Saya tahu, teman-teman saya, mahasiswa Indonesia, yang berada di negara Eropa lainnya mungkin akan merasa iri melihat foto dan catatan saya menyaksikan aurora, karena aurora hanya ada di langit utara. Tapi saya juga perlu memberi tahu bahwa tinggal di Trondheim menuntut ketahanan mental.

Bagaimanapun, kota yang topografinya berbukit dan beriklim maritim ini bisa dibilang cukup terpencil. Ya, Norwegia, seperti juga Swedia, adalah negeri yang sunyi. Di dua negara Skandinavia ini, wilayah yang dimanfaatkan tak lebih dari 4 persen. Selebihnya hanya lahan kosong, hutan, danau, dan semacamnya. Setelah Oslo, kota besar terdekat dari Trondheim adalah Bergen, yang berjarak sekitar 650 kilometer.

Kesunyian mungkin akan terasa semakin menjadi-jadi saat musim dingin begitu panjang, dan salju masih tetap saja turun bahkan hingga awal bulan Mei. Rumput tak kunjung menghijau, pepohonan masih kerontang, dan langit cukup sering berwajah muram. Saya kadang menjadi agak heran, mengapa St. Olav dahulu menamai kota ini Trondheim, yang berarti "rumah yang nyaman ditinggali"?

Saya bertanya-tanya, jika awal Mei salju masih turun, seperti saat saya menulis catatan ini, lalu kapan saya akan menikmati daun dan bunga-bunga yang bersemi? Semoga Juni.
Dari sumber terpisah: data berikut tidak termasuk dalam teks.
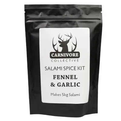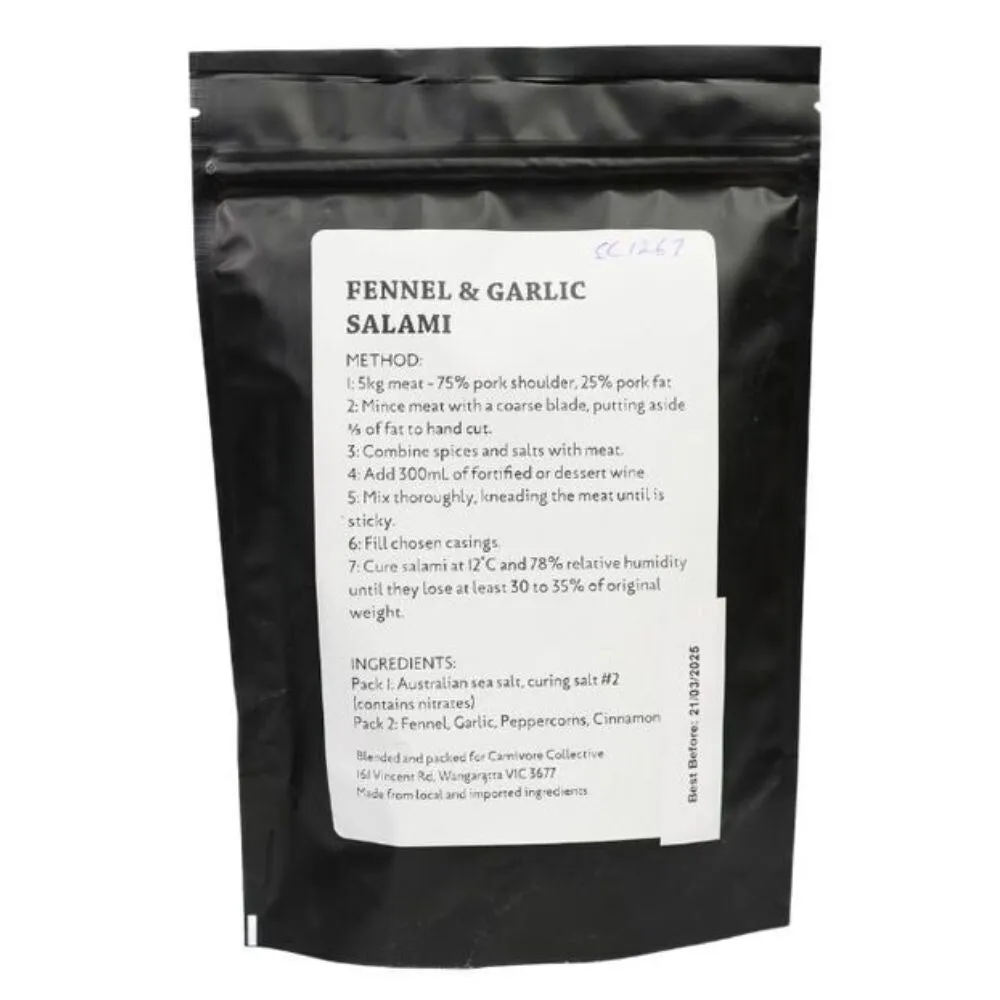 Fennel and Garlic salami spice: Sweet and aromatic fennel supported by rich garlic and lingering Kampot red peppercorns. Ingredients: Australian Sea Salt, Curing Salt #2 (sulphates), Fennel, Garlic, Peppercorns, Cinnamon

Ya, mungkin Juni, bersama Judas Priest yang akan mengentak dan meramaikan Kota Trondheim dalam ajang festival musik rock tahunan (Trondheim Rock) di sini.
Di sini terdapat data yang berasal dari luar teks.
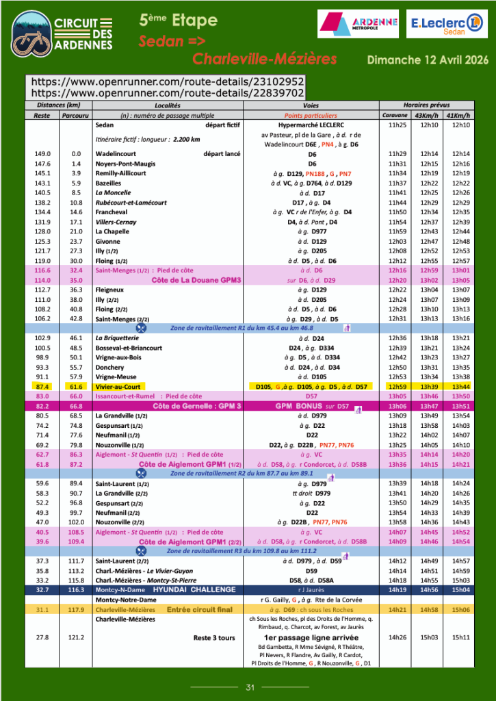 - La caravane du Circuit des Ardennes précédera les coureurs de 30 à 45 minutes.

Memandangi butiran salju yang turun pagi ini, saya pun berharap semoga salju yang saya saksikan di pekan pertama bulan Mei ini tak akan menjadi salju terakhir dalam pengalaman hidup saya.
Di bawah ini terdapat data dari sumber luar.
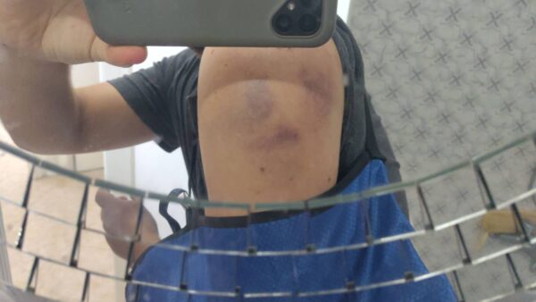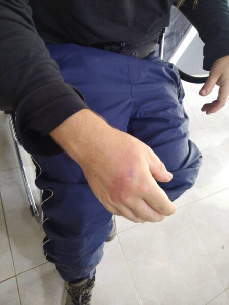 Umm Saleh was taken to Istishari Hospital in Ramallah and diagnosed with intracranial haemorrhage after suffering two baton blows to the head. She also suffered more minor injuries from blows to her back. The Swedish activist was hit on his head, requiring stitches, and also has a crack on his humerus and swelling on his body. The Italian activist was left with mild injuries to his head.

Tulisan ini dimuat di Koran Tempo, 23 Mei 2010.

8 komentar:

topantopian said...

mantap tulisannya pak. saya iri, soalnya saya selalu ingin ke skandinavia, dan berfoto di Sverd i Fjell. atau nonton konser2 metal.pasti sangat epik..salam

M. Habiburrahman said...

Waaah... bangsa Viking itu kaum barbar terahir di muka bumi menurut Empire II Conquerror, beruntung sekali bisa singgah di kampung halaman mereka.. Kota putih...

M Mushthafa said...

Sayangnya saya di sini ga sempat jalan ke mana-mana menikmati keindahan alam lainnya di Norwegia. Saya tiba di sini awal Februari. Sampai awal April, bisa dibilang salju turun tiap hari. Setelah itu saya langsung sibuk di jalur studi sampai pertengahan Juni, sebelum saya segera pulang nanti.

lamanday said...

juli kau dah pulang ke indo gus..jd pikir2 lagi mau jenguk trondheim, rumah yang nyaman ini

Achmad Fawaid said...

Bagus sekali tulisannya, ra. Saya gak bisa komen apa2 jadinya. bagus dech pokoknya. he

M Mushthafa said...

Fawaid, terima kasih atas komentarnya. Keindahan alam Skandinavia telah melahirkan tulisan ini..

Wahyu Alam said...

Senang membaca tulisan ini. Seperti dibawa langsung tinggal di Norwegia. Salam kenal dari blogger Madura, Plat-M. Semoga ada kesempatan untuk belajar menulis ke Ra Mustov. :)

Wazifa Cylindrica said...

Terima kasih sudah menulis, Pak.
Saya suka tulisan-tulisannya.
Kuliah di Norwegia ambil bidang apa, pak?